CINNAMON & PECAN ROLLS
As I was doing my testing for this recipe, my best friend B reminded me that our high-school maths teacher made the ultimate cinnamon rolls and had given us her recipe in class (I can’t believe that must have been about 8 years ago now). I had a flick through my mound of favourite recipe print outs and photocopies and found a very dirty, 8 year old dough-splattered piece of paper. Yum.
I can’t quite make out where the recipe comes from but it’s dated 1991 which I absolutely love. A golden oldie!
It had notes on it so I know I’ve made it before and slightly adapted it to what worked/didn’t work. I reduced the sugar and the butter in the filling, added pecans and adjusted some of the timings to make these exactly what I had imagined and been craving for the last week.
Can you tell I’ve been a true foodie all my life?
For the dough:
- 630g plain flour
- 1 7g packet of active dry yeast (make sure your yeast isn’t too old – my first batch of dough failed because the yeast I used was over a year old)
- 225ml drinking milk (no need for full fat)
- 75g butter
- 70g sugar
- 1/2 teaspoon salt
- 3 eggs
For the filling:
- 70g butter
- 100g packed brown sugar
- 35g plain flour
- 2 tablespoons ground cinnamon
- 80g chopped toasted pecans (optional)
For the glaze:
- 125g icing sugar
- 2-3 tablespoons light cream
- 1/2 teaspoon vanilla extract
In a large mixing bowl, combine 330g of flour with the yeast and mix. In a small saucepan, melt 75g of butter. When completely melted, add the milk, sugar and salt and heat until it’s just warm (not hot).
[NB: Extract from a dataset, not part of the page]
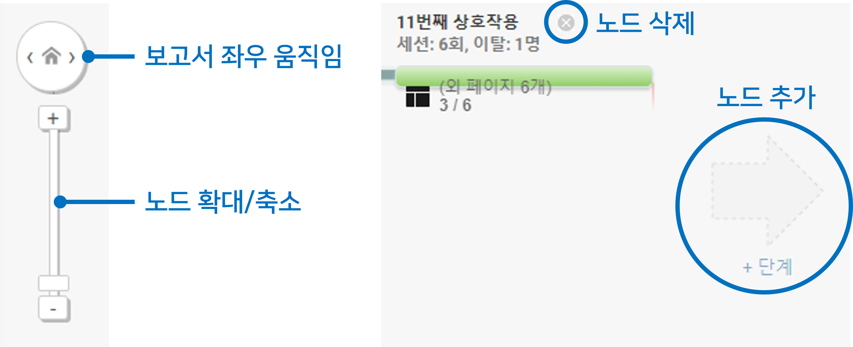 - 해당 상호작용에서 닫기 버튼을 누르면 노드 열이 삭제되고, 우측 끝에 있는 +단계 를 클릭하면 노드 열을 추가할 수 있습니다. (노드 열은12번째 상호작용까지만 추가할 수 있습니다.)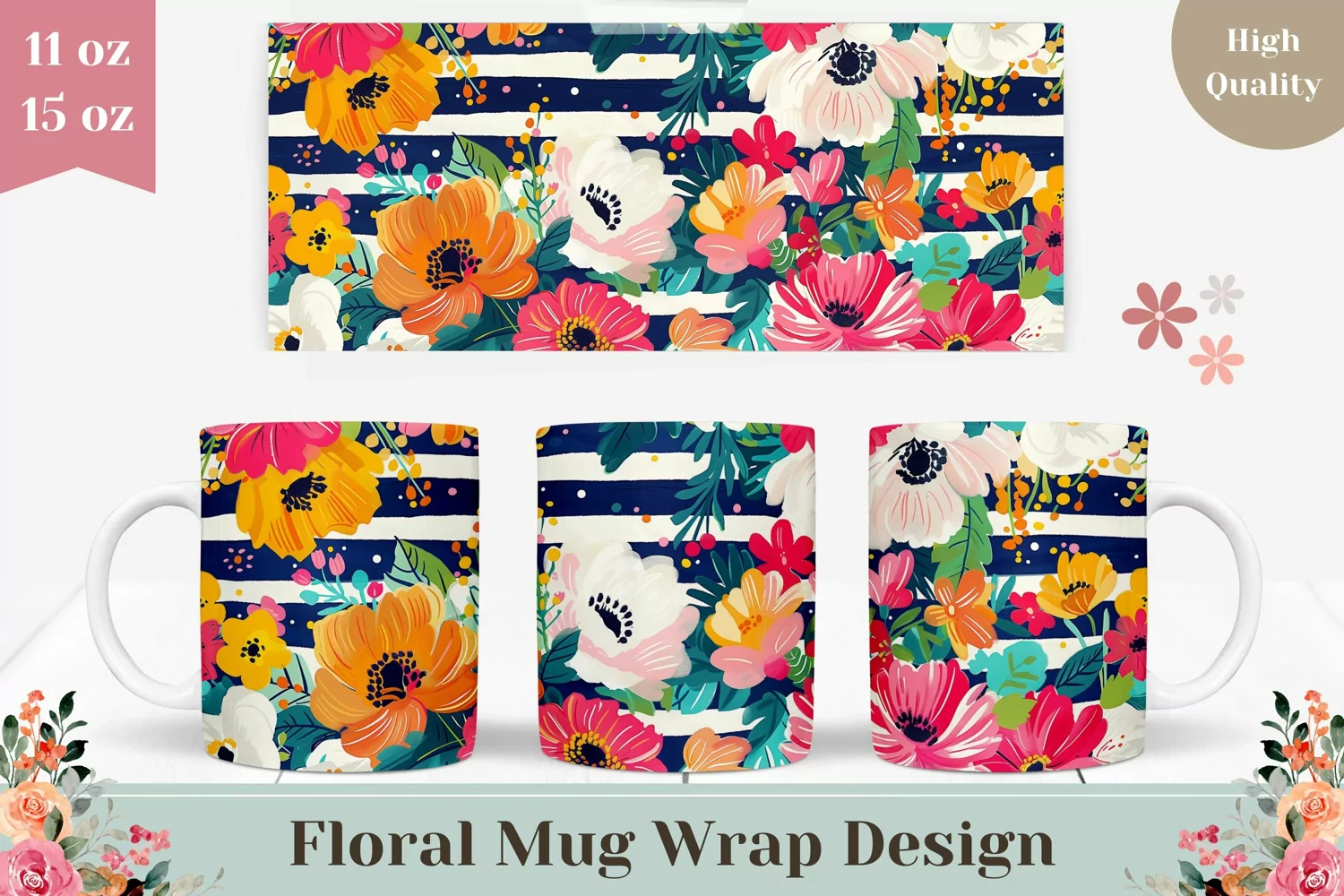 Watercolor Flowers Sublimation Mug, Stripes Mug Design

Add the milk mix and the eggs to the flour and yeast and mix using an electric mixer mixing on low for about 30 seconds. Once combined, whisk on high for a couple of minutes. Then, using a wooden spoon mix in the remaining flour to bring it to a dough.
Turn onto a lightly floured surface and knead for about 3 minutes until the dough is soft. Form into a ball and place in a lightly greased bowl, cover with a clean tea towel and leave to rise for 1 hour in a warm place.
After an hour, the dough should have doubled in size.
For the filling, crumble the butter, sugar, 1 tablespoon of cinnamon and flour together using your fingers until it resembles breadcrumbs. Add your chopped toasted pecans (I like to toast the pecans in a frying pan before to give them more crunch).
Use a rolling pin to roll the dough into a rectangle so the dough is about 1cm thick. Sprinkle the filling on the top and add another sprinkle of cinnamon (about another tablespoon to fill any gaps).
*Make sure to get the filling all the way to the edges unlike this photo below
This baking tray is 30cm x 18cm and it was the perfect size.
Brush the tops lightly with cream and bake at 190°C for 25 – 30 minutes. I covered them with silver foil after 20 minutes to stop the top browning too much.
Once nice and golden, tip out onto a wooden board, mix the glaze ingredients together until you get a drizzling consistency and drizzle over while still hot.
These don’t keep very well so I would really recommend eating them and sharing with friends on the day of. I can assure you that no one will complain about receiving a little bundle of warm cinnamon joy. My tummy wasn’t complaining this morning.